─── DATA BELOW ───

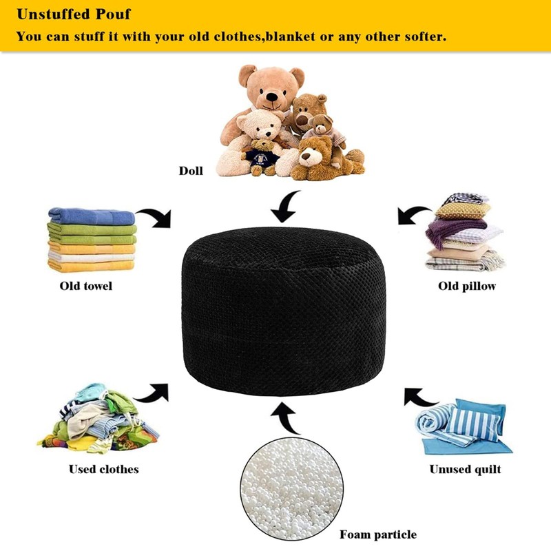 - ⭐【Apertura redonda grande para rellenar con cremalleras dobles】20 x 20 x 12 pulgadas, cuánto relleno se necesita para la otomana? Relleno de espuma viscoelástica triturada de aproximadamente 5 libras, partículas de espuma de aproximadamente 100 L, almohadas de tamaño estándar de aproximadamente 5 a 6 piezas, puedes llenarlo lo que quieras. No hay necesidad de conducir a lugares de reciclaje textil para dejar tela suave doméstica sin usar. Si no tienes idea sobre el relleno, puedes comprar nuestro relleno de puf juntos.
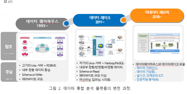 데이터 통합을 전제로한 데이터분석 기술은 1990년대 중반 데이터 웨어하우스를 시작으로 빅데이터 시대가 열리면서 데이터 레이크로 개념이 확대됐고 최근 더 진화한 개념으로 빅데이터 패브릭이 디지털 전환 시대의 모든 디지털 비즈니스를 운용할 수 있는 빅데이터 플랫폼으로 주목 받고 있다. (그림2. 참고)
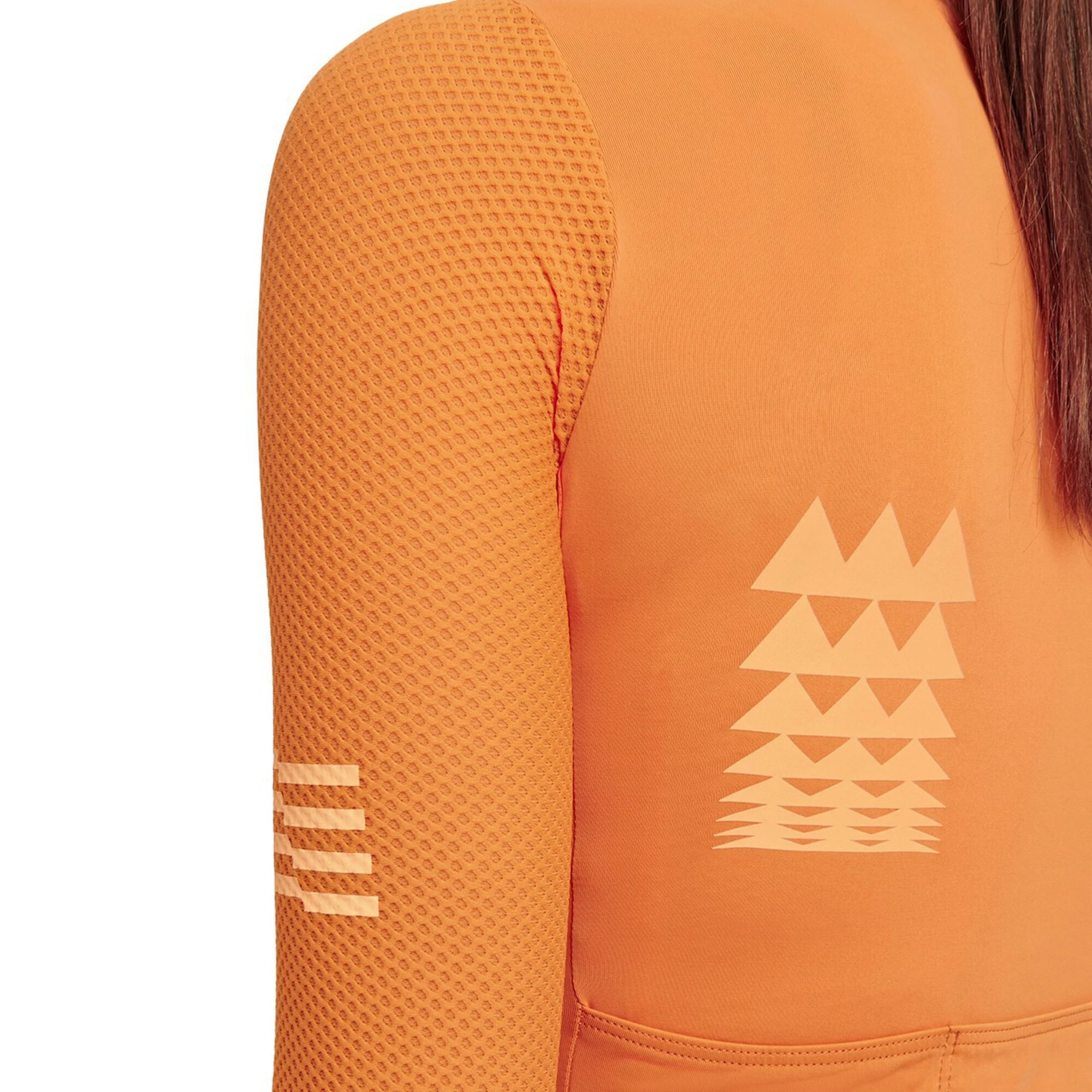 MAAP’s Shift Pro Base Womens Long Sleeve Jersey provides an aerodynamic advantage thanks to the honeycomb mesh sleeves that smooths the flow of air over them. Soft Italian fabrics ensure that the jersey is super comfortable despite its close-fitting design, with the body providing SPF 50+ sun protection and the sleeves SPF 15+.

───

*EXERCISE DIRECTIONS*. Would it be possible to give the material above again exactly, with the pictures left out?

*SOLUTION TO THE EXERCISE*.
 - ⭐【Apertura redonda grande para rellenar con cremalleras dobles】20 x 20 x 12 pulgadas, cuánto relleno se necesita para la otomana? Relleno de espuma viscoelástica triturada de aproximadamente 5 libras, partículas de espuma de aproximadamente 100 L, almohadas de tamaño estándar de aproximadamente 5 a 6 piezas, puedes llenarlo lo que quieras. No hay necesidad de conducir a lugares de reciclaje textil para dejar tela suave doméstica sin usar. Si no tienes idea sobre el relleno, puedes comprar nuestro relleno de puf juntos.
 데이터 통합을 전제로한 데이터분석 기술은 1990년대 중반 데이터 웨어하우스를 시작으로 빅데이터 시대가 열리면서 데이터 레이크로 개념이 확대됐고 최근 더 진화한 개념으로 빅데이터 패브릭이 디지털 전환 시대의 모든 디지털 비즈니스를 운용할 수 있는 빅데이터 플랫폼으로 주목 받고 있다. (그림2. 참고)
 MAAP’s Shift Pro Base Womens Long Sleeve Jersey provides an aerodynamic advantage thanks to the honeycomb mesh sleeves that smooths the flow of air over them. Soft Italian fabrics ensure that the jersey is super comfortable despite its close-fitting design, with the body providing SPF 50+ sun protection and the sleeves SPF 15+.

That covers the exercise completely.